Exercise
Once the line holding "Sofabord med kobber" is found in the listing below, write it out and each later line exactly, up to and including the one holding "(¬2) ن: ومنه".

[[ Dataset, beginning ]]

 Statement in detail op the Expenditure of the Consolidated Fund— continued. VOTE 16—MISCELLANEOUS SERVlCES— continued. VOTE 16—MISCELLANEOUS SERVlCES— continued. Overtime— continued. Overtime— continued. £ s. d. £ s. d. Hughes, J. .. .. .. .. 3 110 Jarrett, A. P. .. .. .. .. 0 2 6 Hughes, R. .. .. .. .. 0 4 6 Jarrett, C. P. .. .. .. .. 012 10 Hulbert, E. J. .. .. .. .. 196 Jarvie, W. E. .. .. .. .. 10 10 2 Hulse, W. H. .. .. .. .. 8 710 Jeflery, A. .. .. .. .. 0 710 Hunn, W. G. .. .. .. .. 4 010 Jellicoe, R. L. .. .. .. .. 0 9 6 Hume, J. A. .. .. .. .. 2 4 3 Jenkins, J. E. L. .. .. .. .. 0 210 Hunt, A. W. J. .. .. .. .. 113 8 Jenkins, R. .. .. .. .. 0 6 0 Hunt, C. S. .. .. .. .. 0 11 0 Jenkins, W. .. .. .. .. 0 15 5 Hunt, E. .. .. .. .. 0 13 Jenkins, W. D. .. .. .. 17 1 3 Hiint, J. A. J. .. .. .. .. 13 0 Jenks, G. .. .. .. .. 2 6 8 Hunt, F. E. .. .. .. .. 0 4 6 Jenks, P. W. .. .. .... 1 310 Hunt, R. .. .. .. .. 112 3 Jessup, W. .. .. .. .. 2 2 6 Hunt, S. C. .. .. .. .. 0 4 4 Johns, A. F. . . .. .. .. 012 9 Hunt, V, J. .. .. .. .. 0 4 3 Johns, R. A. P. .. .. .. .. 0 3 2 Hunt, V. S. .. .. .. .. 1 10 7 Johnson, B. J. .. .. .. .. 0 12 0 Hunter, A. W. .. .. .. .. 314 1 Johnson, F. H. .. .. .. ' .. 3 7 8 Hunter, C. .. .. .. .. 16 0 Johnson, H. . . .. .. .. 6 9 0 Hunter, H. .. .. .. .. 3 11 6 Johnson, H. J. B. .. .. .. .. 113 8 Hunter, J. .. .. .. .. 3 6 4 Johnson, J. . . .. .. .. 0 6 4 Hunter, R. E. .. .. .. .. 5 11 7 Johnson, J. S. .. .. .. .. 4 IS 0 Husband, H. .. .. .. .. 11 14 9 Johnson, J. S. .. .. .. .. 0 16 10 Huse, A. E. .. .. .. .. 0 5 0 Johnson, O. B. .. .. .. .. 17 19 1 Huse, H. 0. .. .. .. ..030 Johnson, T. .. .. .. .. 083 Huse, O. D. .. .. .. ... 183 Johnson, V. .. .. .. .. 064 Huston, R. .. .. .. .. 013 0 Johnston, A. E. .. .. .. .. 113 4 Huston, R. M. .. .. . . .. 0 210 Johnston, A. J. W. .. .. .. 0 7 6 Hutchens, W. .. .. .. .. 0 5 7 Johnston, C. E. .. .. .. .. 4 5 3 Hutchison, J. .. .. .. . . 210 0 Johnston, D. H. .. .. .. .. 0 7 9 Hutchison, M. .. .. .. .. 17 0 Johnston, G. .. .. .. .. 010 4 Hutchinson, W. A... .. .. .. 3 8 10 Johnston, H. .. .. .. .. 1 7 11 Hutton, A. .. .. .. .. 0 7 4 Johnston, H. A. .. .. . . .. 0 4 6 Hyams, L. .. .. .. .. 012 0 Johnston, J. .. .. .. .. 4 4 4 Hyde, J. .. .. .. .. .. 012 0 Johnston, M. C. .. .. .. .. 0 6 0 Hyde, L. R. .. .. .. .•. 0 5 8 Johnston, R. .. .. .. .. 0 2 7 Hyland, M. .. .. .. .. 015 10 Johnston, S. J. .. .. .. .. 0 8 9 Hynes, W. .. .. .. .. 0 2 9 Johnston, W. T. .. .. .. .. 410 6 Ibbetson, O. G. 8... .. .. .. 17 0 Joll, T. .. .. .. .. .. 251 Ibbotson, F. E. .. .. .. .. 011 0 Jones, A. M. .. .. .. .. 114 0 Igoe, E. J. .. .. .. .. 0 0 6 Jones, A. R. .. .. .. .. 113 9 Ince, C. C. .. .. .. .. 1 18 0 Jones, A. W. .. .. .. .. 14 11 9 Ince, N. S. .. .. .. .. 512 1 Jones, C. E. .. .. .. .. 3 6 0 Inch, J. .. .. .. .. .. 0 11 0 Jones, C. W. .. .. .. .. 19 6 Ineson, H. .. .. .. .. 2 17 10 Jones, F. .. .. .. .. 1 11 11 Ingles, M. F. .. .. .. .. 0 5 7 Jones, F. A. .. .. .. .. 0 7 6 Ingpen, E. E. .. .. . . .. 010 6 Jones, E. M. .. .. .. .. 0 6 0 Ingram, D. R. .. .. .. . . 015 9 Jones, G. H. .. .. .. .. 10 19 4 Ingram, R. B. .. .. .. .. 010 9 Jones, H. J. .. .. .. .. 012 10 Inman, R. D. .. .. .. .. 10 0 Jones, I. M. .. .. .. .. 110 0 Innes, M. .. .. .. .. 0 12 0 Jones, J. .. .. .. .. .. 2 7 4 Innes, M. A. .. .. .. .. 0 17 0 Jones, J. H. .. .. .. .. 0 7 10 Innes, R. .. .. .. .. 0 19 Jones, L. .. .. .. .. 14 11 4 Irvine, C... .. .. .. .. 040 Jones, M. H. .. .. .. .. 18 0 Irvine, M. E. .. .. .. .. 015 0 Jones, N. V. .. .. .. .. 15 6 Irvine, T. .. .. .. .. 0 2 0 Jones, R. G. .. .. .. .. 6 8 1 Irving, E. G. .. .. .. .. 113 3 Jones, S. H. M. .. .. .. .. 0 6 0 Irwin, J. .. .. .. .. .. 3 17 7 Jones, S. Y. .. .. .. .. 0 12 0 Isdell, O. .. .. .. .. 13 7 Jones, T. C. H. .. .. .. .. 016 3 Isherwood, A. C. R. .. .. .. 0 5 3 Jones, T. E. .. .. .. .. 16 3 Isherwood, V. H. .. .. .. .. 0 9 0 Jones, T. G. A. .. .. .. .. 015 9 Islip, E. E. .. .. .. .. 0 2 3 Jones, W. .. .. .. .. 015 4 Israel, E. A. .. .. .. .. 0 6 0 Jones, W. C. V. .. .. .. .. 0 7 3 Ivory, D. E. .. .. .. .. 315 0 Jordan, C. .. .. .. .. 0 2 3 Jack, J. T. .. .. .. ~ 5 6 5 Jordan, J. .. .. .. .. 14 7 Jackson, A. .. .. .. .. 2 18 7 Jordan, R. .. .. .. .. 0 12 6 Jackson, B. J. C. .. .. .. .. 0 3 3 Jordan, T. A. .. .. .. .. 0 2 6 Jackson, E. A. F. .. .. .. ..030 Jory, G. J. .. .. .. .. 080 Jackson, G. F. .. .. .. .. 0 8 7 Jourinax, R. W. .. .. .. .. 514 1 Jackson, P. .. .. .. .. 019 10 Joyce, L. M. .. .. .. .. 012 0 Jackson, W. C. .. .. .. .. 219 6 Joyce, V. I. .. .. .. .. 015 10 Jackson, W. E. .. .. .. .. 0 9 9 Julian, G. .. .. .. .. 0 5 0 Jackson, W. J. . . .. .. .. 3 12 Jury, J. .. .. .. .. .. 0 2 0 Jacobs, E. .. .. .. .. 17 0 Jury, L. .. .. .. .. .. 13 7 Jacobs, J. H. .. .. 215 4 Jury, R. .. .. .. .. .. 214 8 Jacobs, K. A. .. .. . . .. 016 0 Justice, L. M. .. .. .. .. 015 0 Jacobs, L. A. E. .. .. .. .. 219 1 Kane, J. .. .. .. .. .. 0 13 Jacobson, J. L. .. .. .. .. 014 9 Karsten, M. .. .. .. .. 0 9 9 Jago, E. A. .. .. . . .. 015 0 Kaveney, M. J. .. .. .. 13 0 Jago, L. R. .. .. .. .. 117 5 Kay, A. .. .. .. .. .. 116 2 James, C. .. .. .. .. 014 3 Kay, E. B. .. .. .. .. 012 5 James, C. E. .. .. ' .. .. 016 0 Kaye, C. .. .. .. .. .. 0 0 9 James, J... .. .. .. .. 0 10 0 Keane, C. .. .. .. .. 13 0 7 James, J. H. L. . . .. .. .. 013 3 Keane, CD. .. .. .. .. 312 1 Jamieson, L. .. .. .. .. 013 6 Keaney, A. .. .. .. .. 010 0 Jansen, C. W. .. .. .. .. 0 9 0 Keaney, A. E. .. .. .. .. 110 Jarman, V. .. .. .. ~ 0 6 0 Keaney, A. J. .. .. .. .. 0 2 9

[[ Dataset, end ]]
[[ Dataset, beginning ]]

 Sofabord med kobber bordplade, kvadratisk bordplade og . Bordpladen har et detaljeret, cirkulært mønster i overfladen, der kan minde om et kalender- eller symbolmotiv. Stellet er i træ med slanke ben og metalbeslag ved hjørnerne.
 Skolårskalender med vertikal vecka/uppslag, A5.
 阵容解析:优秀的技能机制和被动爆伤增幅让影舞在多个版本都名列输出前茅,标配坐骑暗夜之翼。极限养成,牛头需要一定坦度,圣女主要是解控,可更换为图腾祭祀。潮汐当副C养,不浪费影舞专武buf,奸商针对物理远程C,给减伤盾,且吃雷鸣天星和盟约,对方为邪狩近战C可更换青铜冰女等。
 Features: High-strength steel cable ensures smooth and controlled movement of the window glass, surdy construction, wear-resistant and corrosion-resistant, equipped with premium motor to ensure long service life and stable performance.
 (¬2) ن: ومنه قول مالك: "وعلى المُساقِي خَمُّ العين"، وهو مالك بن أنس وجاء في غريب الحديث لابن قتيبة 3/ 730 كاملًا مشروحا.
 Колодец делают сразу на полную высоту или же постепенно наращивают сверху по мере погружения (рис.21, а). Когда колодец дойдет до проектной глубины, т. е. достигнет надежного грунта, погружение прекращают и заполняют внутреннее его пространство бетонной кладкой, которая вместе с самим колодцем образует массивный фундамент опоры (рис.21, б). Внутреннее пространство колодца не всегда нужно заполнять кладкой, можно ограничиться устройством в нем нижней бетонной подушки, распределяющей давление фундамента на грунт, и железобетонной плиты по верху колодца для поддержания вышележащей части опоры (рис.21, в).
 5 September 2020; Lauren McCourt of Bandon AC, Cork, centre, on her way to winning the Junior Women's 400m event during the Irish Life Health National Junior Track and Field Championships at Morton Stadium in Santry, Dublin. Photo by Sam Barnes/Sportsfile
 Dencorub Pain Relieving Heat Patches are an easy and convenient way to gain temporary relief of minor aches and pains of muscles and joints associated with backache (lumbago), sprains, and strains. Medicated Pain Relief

[[ Dataset, end ]]

Result of this exercise
 Sofabord med kobber bordplade, kvadratisk bordplade og . Bordpladen har et detaljeret, cirkulært mønster i overfladen, der kan minde om et kalender- eller symbolmotiv. Stellet er i træ med slanke ben og metalbeslag ved hjørnerne.
 Skolårskalender med vertikal vecka/uppslag, A5.
 阵容解析:优秀的技能机制和被动爆伤增幅让影舞在多个版本都名列输出前茅,标配坐骑暗夜之翼。极限养成,牛头需要一定坦度,圣女主要是解控,可更换为图腾祭祀。潮汐当副C养,不浪费影舞专武buf,奸商针对物理远程C,给减伤盾,且吃雷鸣天星和盟约,对方为邪狩近战C可更换青铜冰女等。
 Features: High-strength steel cable ensures smooth and controlled movement of the window glass, surdy construction, wear-resistant and corrosion-resistant, equipped with premium motor to ensure long service life and stable performance.
 (¬2) ن: ومنه قول مالك: "وعلى المُساقِي خَمُّ العين"، وهو مالك بن أنس وجاء في غريب الحديث لابن قتيبة 3/ 730 كاملًا مشروحا.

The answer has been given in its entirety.